Là encore, la solution est conforme à l’arrêt Commune de Saint-Lunaire, dans lequel le Conseil d’Etat avait annulé une délibération se bornant à indiquer que le POS « ne correspond[ait] plus aux exigences actuelles de l’aménagement et qu’il [était] nécessaire de réorienter l’urbanisme de la commune » (voir aussi pour d’autres exemples d’annulation dans des circonstances similaires :  CE, 17 avr. 2013, n° 348311 ;  CAA Lyon, 27 janv. 2015, n° 14LY01961 ; CAA Marseille, 10 avr. 2015, n° 13MA01343 ;  CAA Douai, 27 nov. 2014, n° 13DA01104).

Enfin, dans un et dernier troisième temps, la Cour, faisant application de la théorie des opérations complexes,  a vérifié si ce vice était de nature à justifier l’annulation du PLU.

De manière peu surprenante, elle considère que l’illégalité de la délibération prescrivant le document d’urbanisme présente bien un caractère substantiel au sens de la jurisprudence Danthony, en ce qu’elle a privé les personnes intéressées d’une garantie et a eu une influence sur le sens de la décision administrative faisant l’objet du litige. La procédure d’élaboration ayant par conséquent été viciée, l’annulation du PLU était inévitable :

«  Considérant qu’alors même que l’obligation de fixer les objectifs de l’élaboration du plan local d’urbanisme est relative au contenu de la délibération qui prescrit cette élaboration, ainsi qu’il a été dit au point 7, cette délibération constitue un élément de la procédure administrative au terme de laquelle est adopté le plan local d’urbanisme ; qu’il ressort des pièces du dossier que la méconnaissance par cette délibération des dispositions de l’article L. 300-2 du code de l’urbanisme, qui, au demeurant, a privé d’une garantie les personnes intéressées, a été susceptible d’exercer, en l’espèce, une influence sur le contenu du plan local d’urbanisme adopté et donc sur le sens de la décision prise au terme de son élaboration ; qu’elle constitue, dès lors, une irrégularité de nature à entacher la légalité de la délibération en litige ; »
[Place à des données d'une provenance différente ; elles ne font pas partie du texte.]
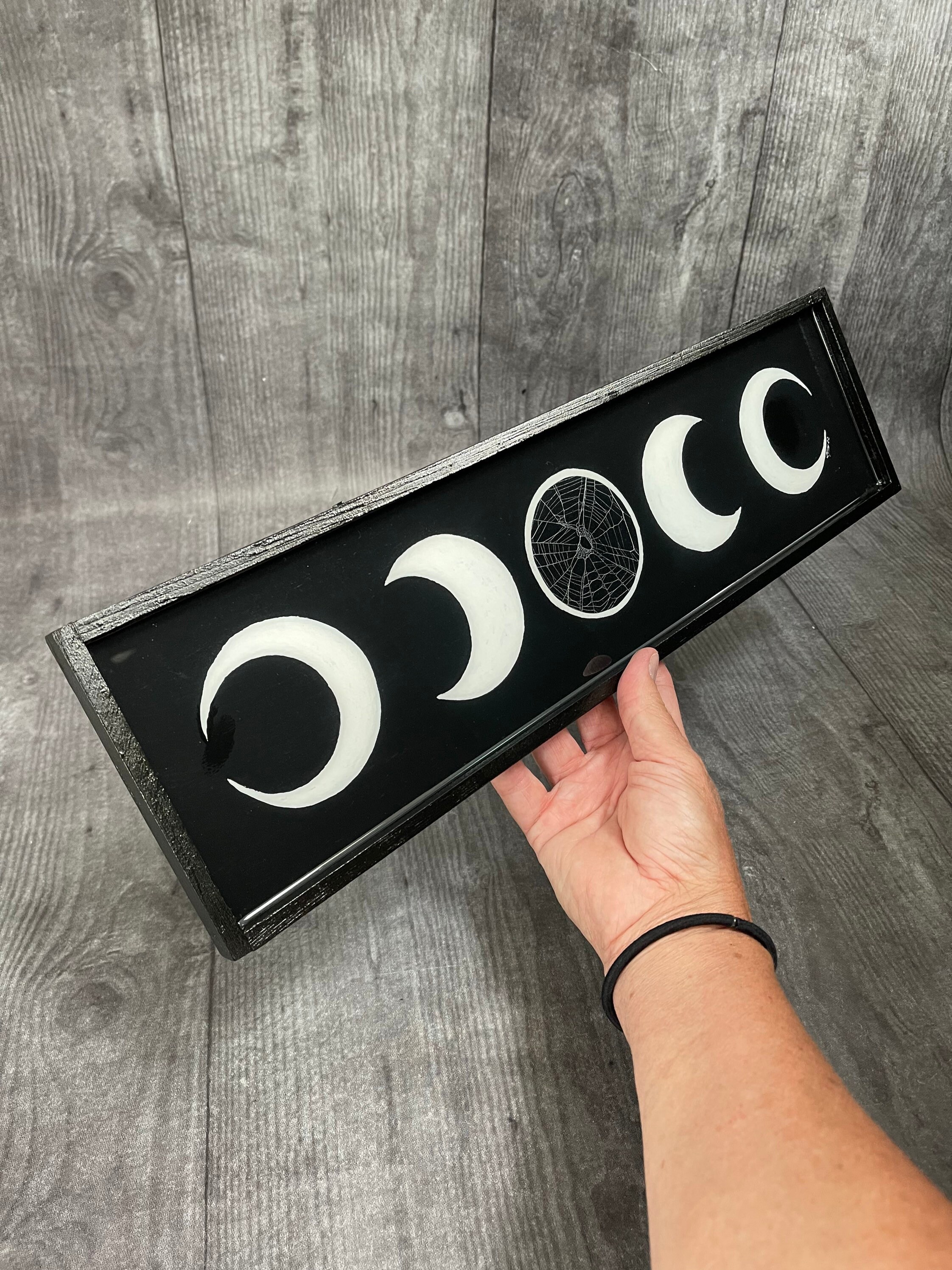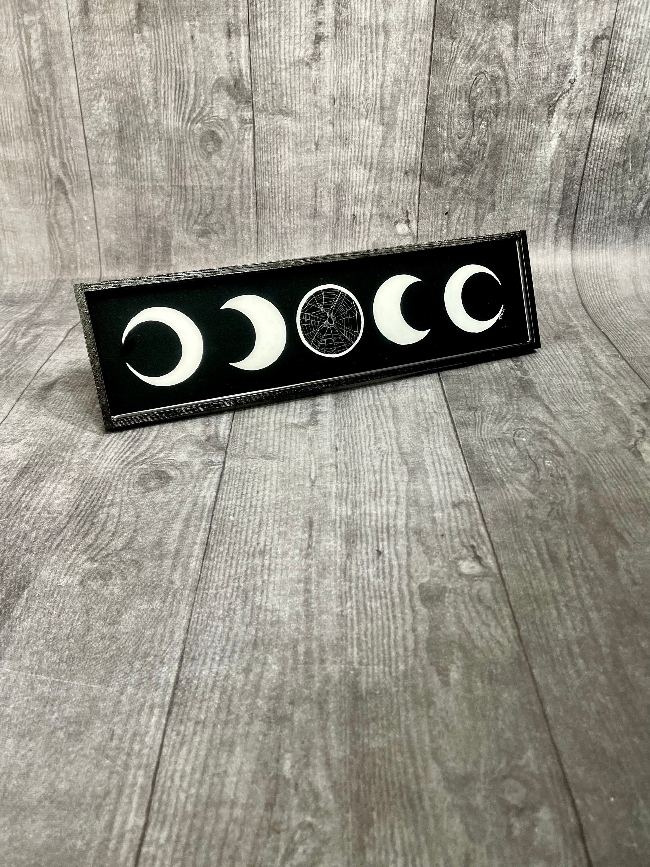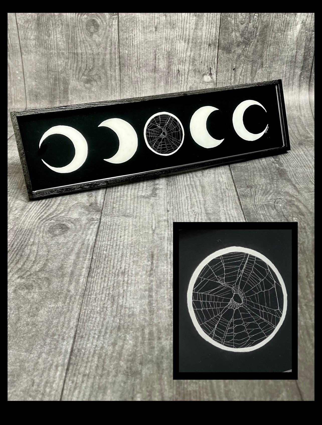 Moon Phases Plaque with Real Preserved Spider Web on the center moon.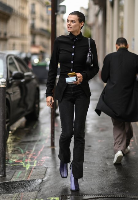 Предпочтение в сезоне осень-зима 2021/2022 стоит отдать черным прямым джинсам в винтажной расцветке. Подумайте об оттенках, которые приобретает ваша любимая пара после слишком частой стирки. С соответствующим силуэтом деним такого цвета будет выглядеть стильно и даже элегантно, и подойдет для путешествий или выходных с друзьями.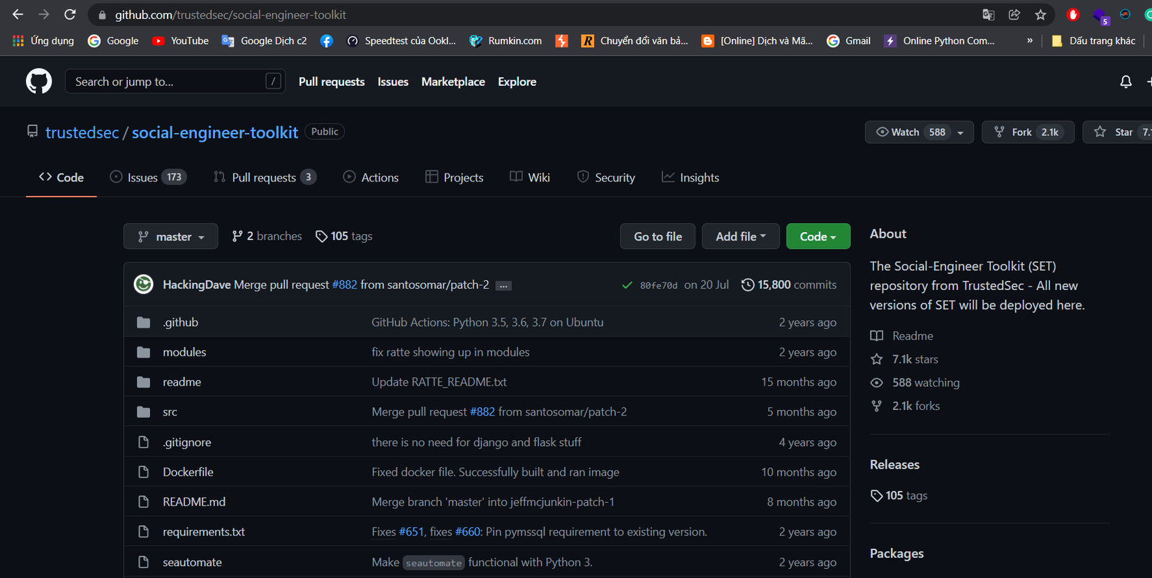 - Ta có thể tải trực tiếp thông qua trang chủ của dự án: Social-Engineer Toolkit - TrustedSec

Ce faisant, la Cour confirme sa jurisprudence antérieure, puisqu’elle avait déjà jugé que l’illégalité de la délibération prescrivant l’élaboration du PLU en raison d’une insuffisante définition des objectifs  constituait un vice de procédure susceptible de justifier l’annulation du document d’urbanisme adopté (CAA Marseille, 10 avr. 2015, n° 13MA01343), tout en s’inscrivant dans une tendance désormais établie (CAA Nancy, 2 juillet 2015, n°14NC01767 ; CAA Versailles, 11 mai 2015, n° 13VE00583 ; CAA Douai, 30 avril 2015, n°14DA01249 ; CAA Paris, 2 avril 2015, n° 14PA02687 ; voir aussi pour un raisonnement différent sur la nature du vice relevé : CAA Lyon, 5 mai 2015, n° 13LY02619 ; CAA Lyon, 27 janv. 2015, n° 14LY01961 ; voir enfin pour une analyse de la nature du moyen : Antoine Durup de Baleine, « Prescription de l’élaboration ou de la révision d’un plan local d’urbanisme », AJDA 2016, p.48 ; Gilles ROUX, « Les conséquences de l’insuffisante définition initiale des objectifs du futur plan local d’urbanisme », AJDA 2016, p. 1250).